* _What is required_
For this exercise, reproduce only the lines from the one holding "The quake occurred" through the final line of the data below, exactly, and omit pictures.

* _Input data_
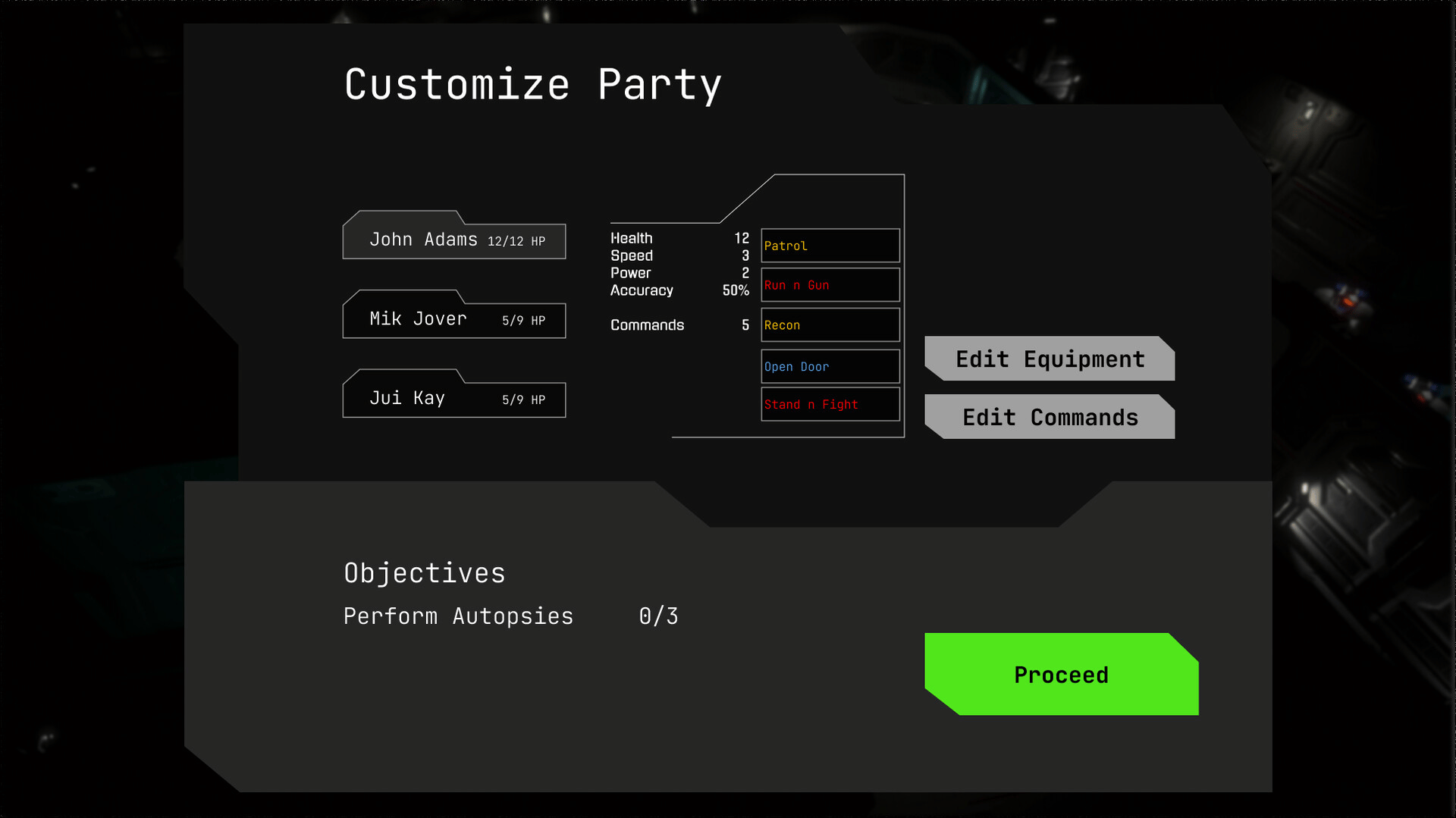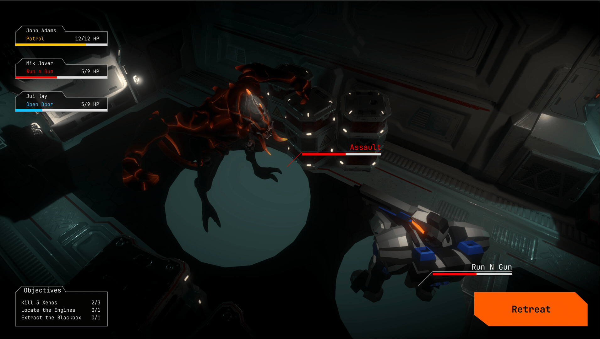 Manage a squad of battle-hardened xenos-killing marines on their mission to cleanse the galaxy. Edit their Artificial Intelligence, customize their loadout and send them on their mission.
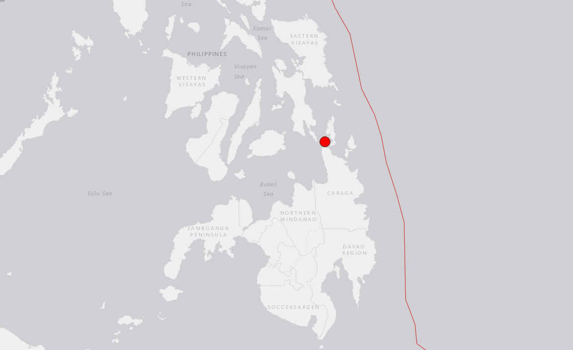 The quake occurred at a depth of 10km about 13km east of the city of Surigao.
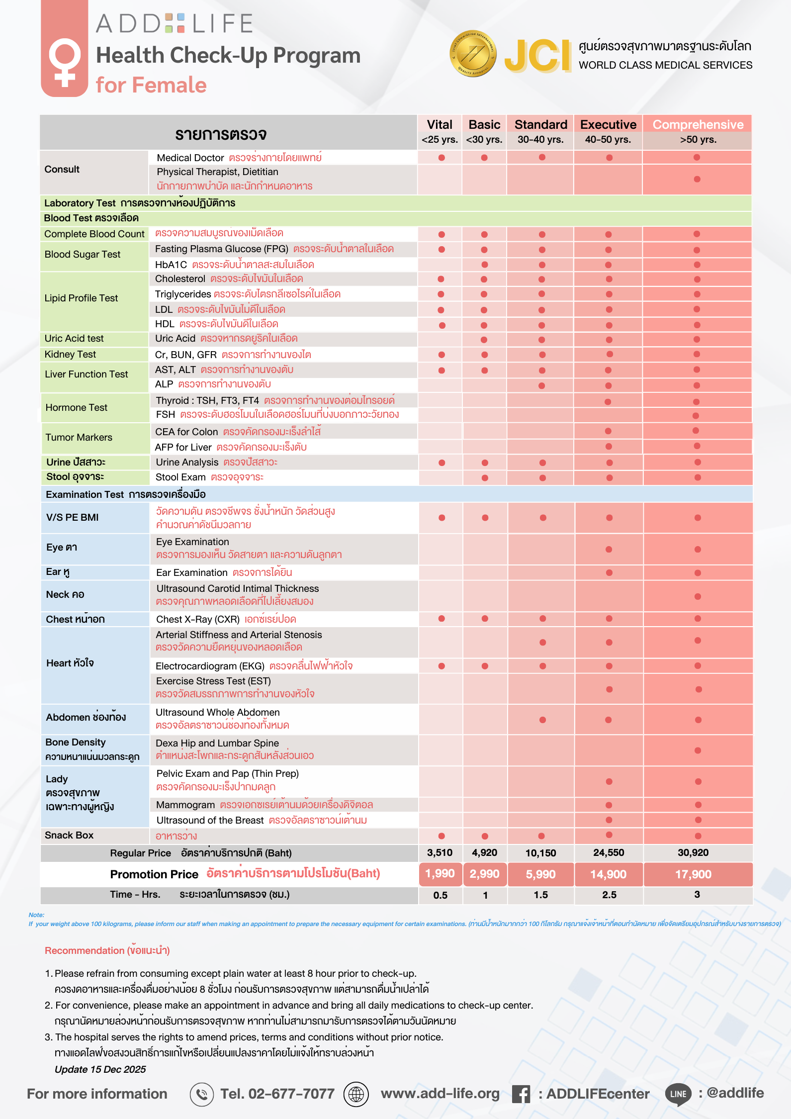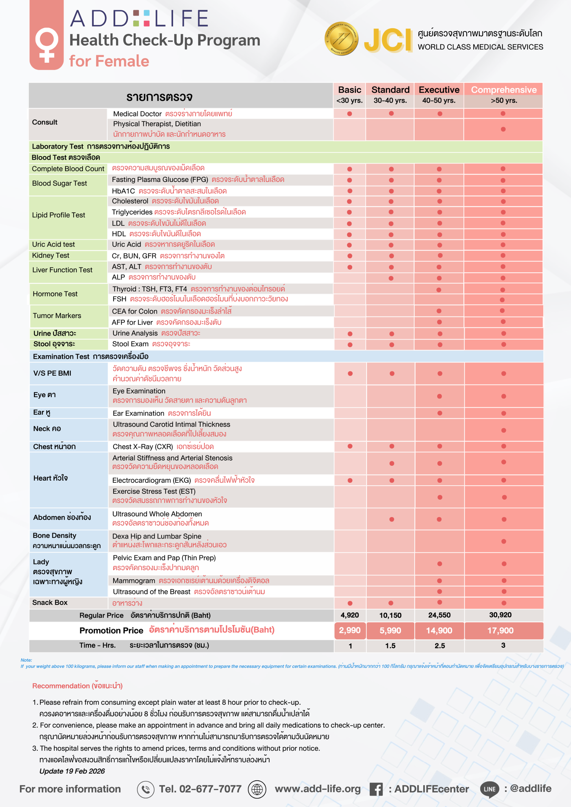 ProgramsHealth Check-Up Packages At ADDLIFE, BangkokLady’s Health Check-Up Program Services Menu Health Check-Up Packages At ADDLIFE, Bangkok Lady’s Health Check-Up Program Men’s Health Check-Up Program Premium Health Check-Up Program Ultimate Health Check-Up Program Ultimate Plus Health Check-Up Program Advanced Check-Up Programs Advanced Heart Check-Up Program Advanced Brain Check-Up Program Advanced Cancer Program Screening Equipment Magnetic Resonance Imaging (MRI) CT Scan Ultrasound X-Ray Mammogram DEXA Scan Electrocardiograph EKG Echocardiogram Exercise Stress Test (EST) Arterial Stiffness Measurement (Vascular Screening) Fibroscan Lady’s Health Check-Up Program Back to Programs See which program works best for you Consult Us

* _Answer space_
 The quake occurred at a depth of 10km about 13km east of the city of Surigao.
 ProgramsHealth Check-Up Packages At ADDLIFE, BangkokLady’s Health Check-Up Program Services Menu Health Check-Up Packages At ADDLIFE, Bangkok Lady’s Health Check-Up Program Men’s Health Check-Up Program Premium Health Check-Up Program Ultimate Health Check-Up Program Ultimate Plus Health Check-Up Program Advanced Check-Up Programs Advanced Heart Check-Up Program Advanced Brain Check-Up Program Advanced Cancer Program Screening Equipment Magnetic Resonance Imaging (MRI) CT Scan Ultrasound X-Ray Mammogram DEXA Scan Electrocardiograph EKG Echocardiogram Exercise Stress Test (EST) Arterial Stiffness Measurement (Vascular Screening) Fibroscan Lady’s Health Check-Up Program Back to Programs See which program works best for you Consult Us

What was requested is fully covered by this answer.